I have some lines that represent some data in a text file. They are all of the following format:
s = 'TheBears SUCCESS Number of wins : 14'
They all begin with the name then whitespace and the text 'SUCCESS Number of wins : ' and finally the number of wins, n1. There are multiple strings each with a different name and value. I am trying to write a program that can parse any of these strings and return the name of the dataset and the numerical value at the end of the string. I am trying to use regular expressions to do this and I have come up with the following:
import re
def winnumbers(s):
pattern = re.compile(r"""(?P<name>.*?) #starting name
\s*SUCCESS #whitespace and success
\s*Number\s*of\s*wins #whitespace and strings
\s*\:\s*(?P<n1>.*?)""",re.VERBOSE)
match = pattern.match(s)
name = match.group("name")
n1 = match.group("n1")
return (name, n1)
So far, my program can return the name, but the trouble comes after that. They all have the text "SUCCESS Number of wins : " so my thinking was to find a way to match this text. But I realize that my method of matching an exact substring isn't correct right now. Is there any way to match a whole substring as part of the pattern? I have been reading quite a bit on regular expressions lately but haven't found anything like this. I'm still really new to programming and I appreciate any assistance.

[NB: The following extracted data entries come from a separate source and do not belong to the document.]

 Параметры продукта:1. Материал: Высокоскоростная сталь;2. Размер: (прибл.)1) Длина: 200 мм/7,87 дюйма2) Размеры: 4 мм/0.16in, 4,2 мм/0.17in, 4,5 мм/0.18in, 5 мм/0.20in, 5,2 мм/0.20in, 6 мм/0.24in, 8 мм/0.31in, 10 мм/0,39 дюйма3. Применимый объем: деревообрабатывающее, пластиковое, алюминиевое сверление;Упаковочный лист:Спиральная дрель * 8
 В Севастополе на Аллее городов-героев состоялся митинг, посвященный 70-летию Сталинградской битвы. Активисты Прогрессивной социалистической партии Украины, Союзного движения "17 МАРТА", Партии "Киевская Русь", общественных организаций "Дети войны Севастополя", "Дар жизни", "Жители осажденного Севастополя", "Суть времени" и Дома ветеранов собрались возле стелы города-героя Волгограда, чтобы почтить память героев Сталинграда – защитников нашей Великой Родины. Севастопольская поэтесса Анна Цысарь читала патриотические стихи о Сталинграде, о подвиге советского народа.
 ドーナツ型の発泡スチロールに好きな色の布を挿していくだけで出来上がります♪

Eventually, I will use float() to return n1 as a number, but I left that out because it doesn't properly find the number in the first place right now and would only return an error.
Try this one out:
((\S+)\s+SUCCESS Number of wins : (\d+))
These are the results:
>>> regex = re.compile("((\S+)\s+SUCCESS Number of wins : (\d+))")

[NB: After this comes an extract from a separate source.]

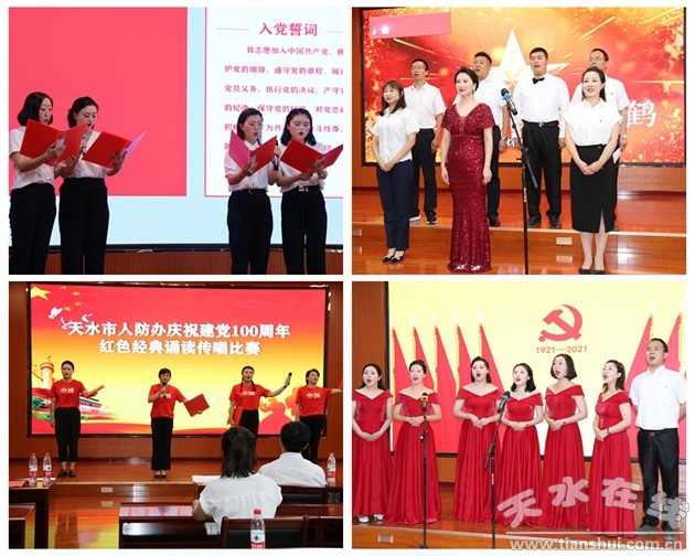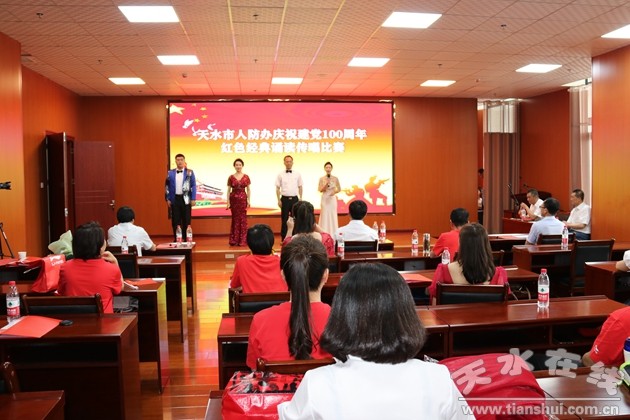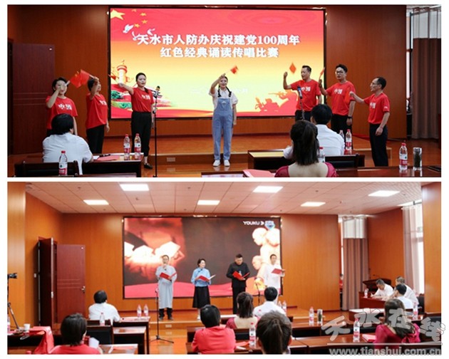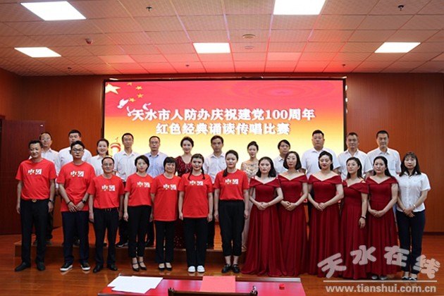 深情诵唱礼赞丰功伟绩,党旗飘扬引领未来辉煌。6月25日,天水市人防办举行“传承红色基因、赓续精神血脉、凝聚奋进力量”红色经典传唱诵读比赛,庆祝党的百年华诞,回顾党的奋斗历程,讴歌党的丰功伟绩,牢记党的初心使命。市人防办党组书记、主任王志军,党组成员、副主任王永第和蔡向增,以及全体党员干部职工参加与观看了诵读比赛。

>>> r = regex.search(string)
>>> r
<_sre.SRE_Match object at 0xc827cf478a56b350>
>>> regex.match(string)
<_sre.SRE_Match object at 0xc827cf478a56b228>
# List the groups found
>>> r.groups()
(u'TheBears SUCCESS Number of wins : 14', u'TheBears', u'14')
# List the named dictionary objects found
>>> r.groupdict()
{}
# Run findall
>>> regex.findall(string)
[(u'TheBears SUCCESS Number of wins : 14', u'TheBears', u'14')]
# So you can do this for the name and number:
>>> fullstring, name, number = r.groups()
If you don't need the full string just remove the surround parenthesis.